Restrictions for using test data for training

The Problem description contains following note:

Note: you may not use future data in making your predictions.

Could you be more specific what kind of restrictions you have in mind, in particular could you give some example of usage that violates this rule and some example of usage that is acceptable.

That information is contained in the following text:

Note: you may not use future data in making your predictions. The train and test sets are split in time (i.e. all the observations in the test set occur after the train set) so you may use all of the training set in making your predictions. However, you must be careful not to use any of the time series information provided in the test set that is future to the process being predicted.

All training set data may be used. Algorithms that use test set data either for training purposes or for feature inputs at inference time should only use observations from before the period you are trying to predict.

Thank you very much for the answer.

Just to have some more formal definition, is it boils down to:

When processing (either for training or predicting) series with process_id=X, its features could be computed from:

  • data from the series itself (process_id=X)
  • whole train set
  • test_data[test_data.timestamp <= starting_timestamp_of_X]

I agree with twalen that this is rather confusing… Is this even ever applicable? Aren’t we predicting stuff for the final_rinse phase, which is not included in the test set? As such, it is impossible to use future data?

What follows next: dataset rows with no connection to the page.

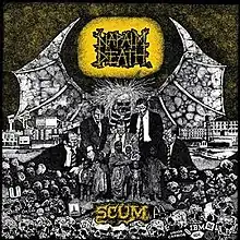 Scum is the debut studio album by English grindcore band Napalm Death, released on 1 July 1987 by Earache Records. The two sides of the record were recorded by two different lineups in sessions separated by about a year; the only musician in both incarnations was drummer Mick Harris. The two sides are very different, and the two taken together serve to bridge stylistic elements of heavy metal and punk rock. While the songs on the A-side are influenced heavily by hardcore punk and anarcho-punk, the vocals and lower-tuned electric guitars on the B-side anticipate subsequent developments in extreme metal. Loudwire put it in the list of the best 10 metal albums of 1987.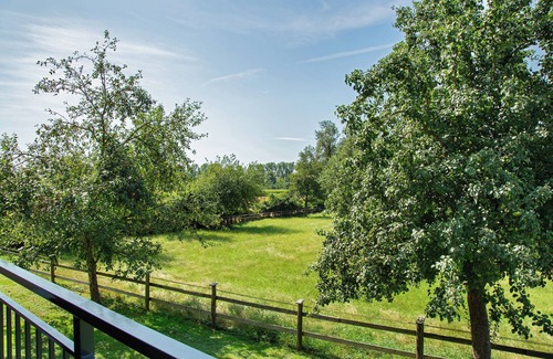 This vacation rental features a private balcony that offers gentle views on the paddock and access to a shared outdoor area with a garden and a covered terrace.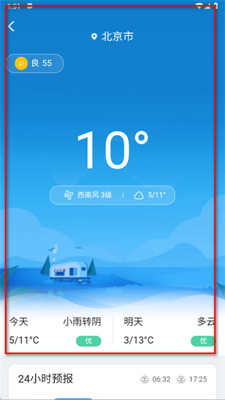 3、進(jìn)入天氣預(yù)報頁面后,查看當(dāng)前城市的實時溫度等信息。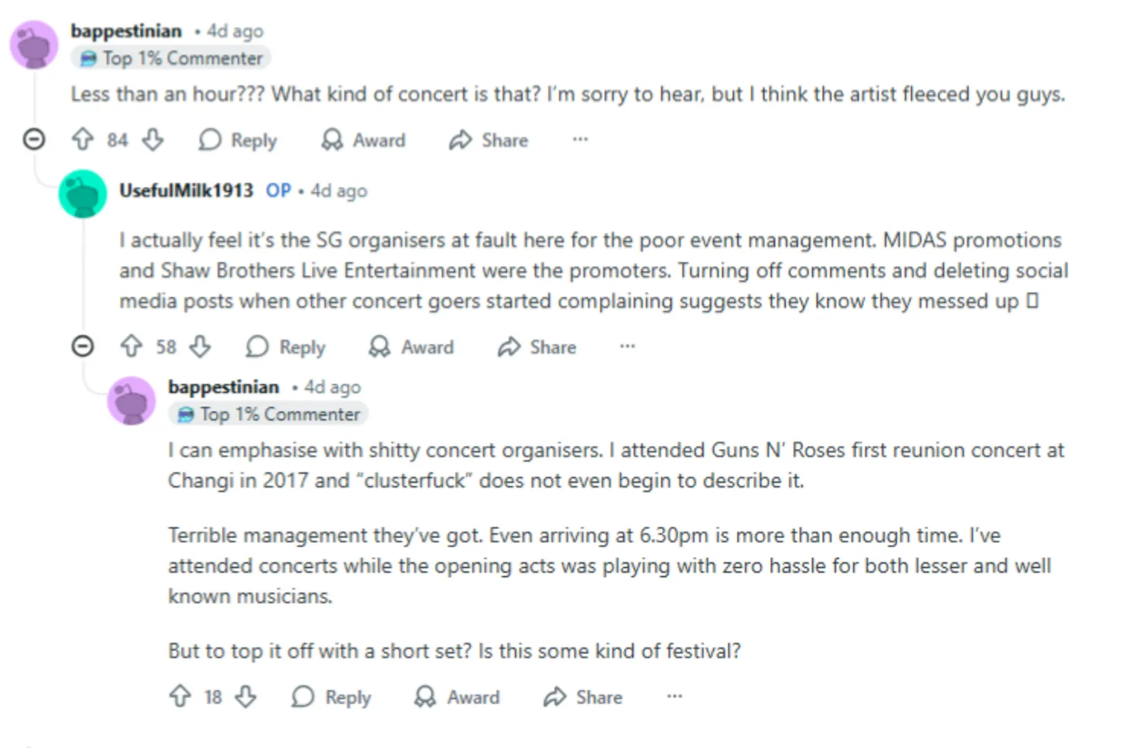 Multiple attendees claimed they queued for up to two hours just to enter the venue — only to miss a significant portion of the show. One fan shared that despite arriving at 6:30PM, they only got in around 8:20PM, by which time the main set had already begun. The performance reportedly ended around 8:50PM, leaving many fans with just 30 minutes of the headline act.

All of the observations provided have timestamps provided, so it is possible for every observation to know what observations occur in the future and which occur in the past.

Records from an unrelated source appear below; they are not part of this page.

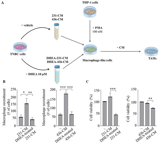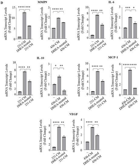MDA-MB-231 and MDA-MB-436 cells were plated in 5% charcoal-stripped serum medium (2.5 × 106) in a 10 cM dish. Then, cells were washed twice and treated with vehicle or DHEA 10 µM for 24 h in a 1% charcoal-stripped serum medium. CM was collected, centrifuged, and used in co-culture experiments.
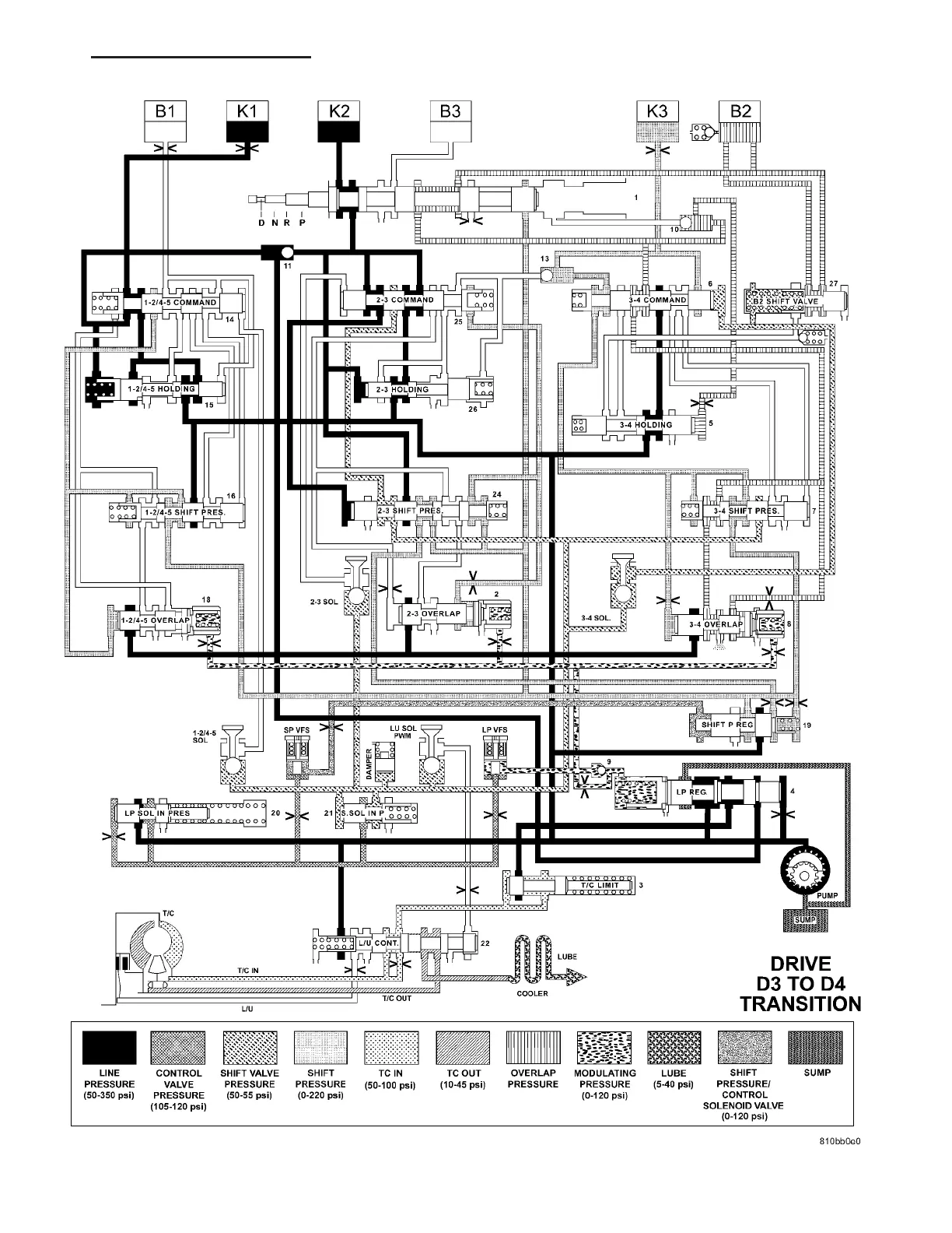 HYDRAULIC FLOW IN DRIVE - THIRD TO FOURTH GEAR TRANSITION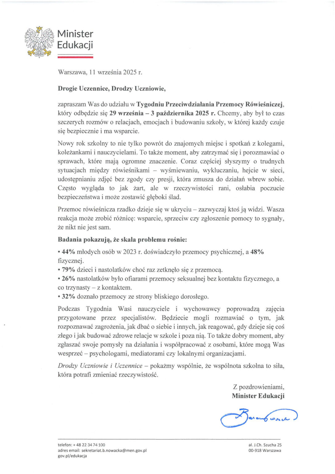 Tydzień Przeciwdziałania Przemocy Rówieśniczej 29 września - 3 października 2025 r.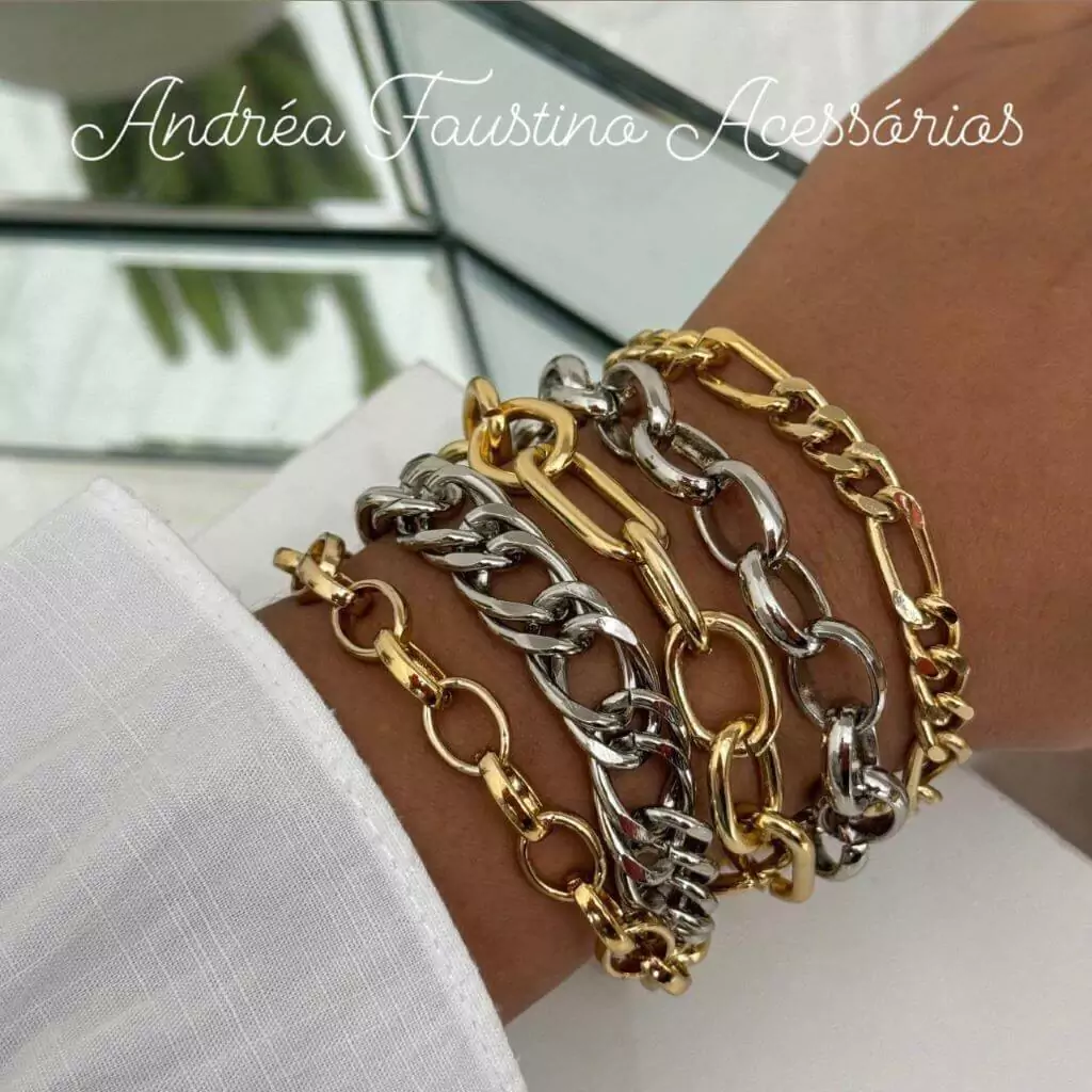 Esta pulseira contemporânea e estilosa é composta por várias voltas de correntaria bicolor, combinando metais em tons distintos para um efeito visual dinâmico e moderno. A mistura de diferentes estilos de corrente traz textura e profundidade à peça, tornando-a uma escolha perfeita para quem busca um acessório único e marcante.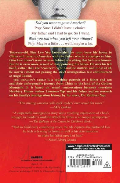 Did you want to go to America? Pop: Sure. I didn't have a choice. My father said I had to go. So I went. Were you sad when you left your village? Pop: Maybe a little . . . well, maybe a lot. Ten-year-old Gim Lew Yep knows that he must leave his home in China and travel to America with the father who is a stranger to him. Gim Lew doesn't want to leave behind everything that he's ever known. But he is even more scared of disappointing his father. He uses his left hand, rather than the "correct" right hand; he stutters; and most of all, he worries about not passing the strict immigration test administered at Angel Island. The Dragon's Child is a touching portrait of a father and son and their unforgettable journey from China to the land of the Golden Mountain. It is based on actual conversations between two-time Newbery Honor author Laurence Yep and his father and on research on his family's immigration history by his niece, Dr. Kathleen Yep.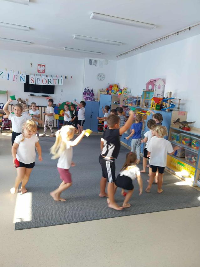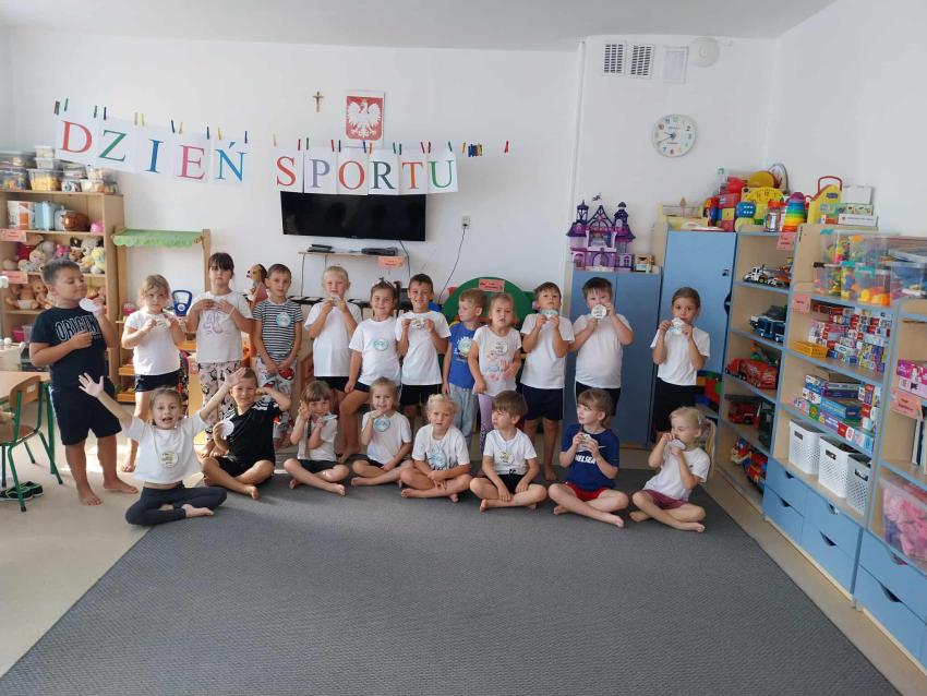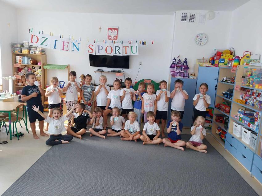 Dzień Gimnastyki, Dzień Sportu, Narodowy Dzień Sportu - pod takim hasłem w minionych dniach odbyły się zajęcia sportowe dla naszych milusińskich. Główne cele zajęć sportowych w przedszkolu to rozwijanie sprawności motorycznej (szybkość, zwinność, koordynacja), kształtowanie nawyków prozdrowotnych, rozwój społeczny (współpraca, zdrowa rywalizacja), budowanie poczucia pewności siebie poprzez kontrolę nad ciałem, a także rozwijanie wyobraźni i kreatywności dzięki tematycznym zabawom ruchowym. Zajęcia te mają na celu integrację dzieci, nauczenie ich zdrowego rozładowywania energii i pokazanie, że sport to aktywny i atrakcyjny sposób na spędzanie czasu. Po zakończonych zajęciach dzieci otrzymały pamiątkowe medale, dyplomy oraz inne niespodzianki. Gratulujemy wszystkim dzieciom aktywnego udziału w zajęciach!

Where this is relevant from a rules perspective (rather than from a best-practices for building your models perspective), is that you cannot use data in the test set where the timestamp comes after the start of the series that you are predicting. Since some processes occur after other processes, it is theoretically possible to use future data.

The bullets @twalen provided are a good summary, but the simplest explanation (which encompasses all of his bullets) is that for process X, you may only use data where observation.timestamp <= starting_timestamp_of_X.

Ok cheers @bull. I think this clarifies the issue :slight_smile: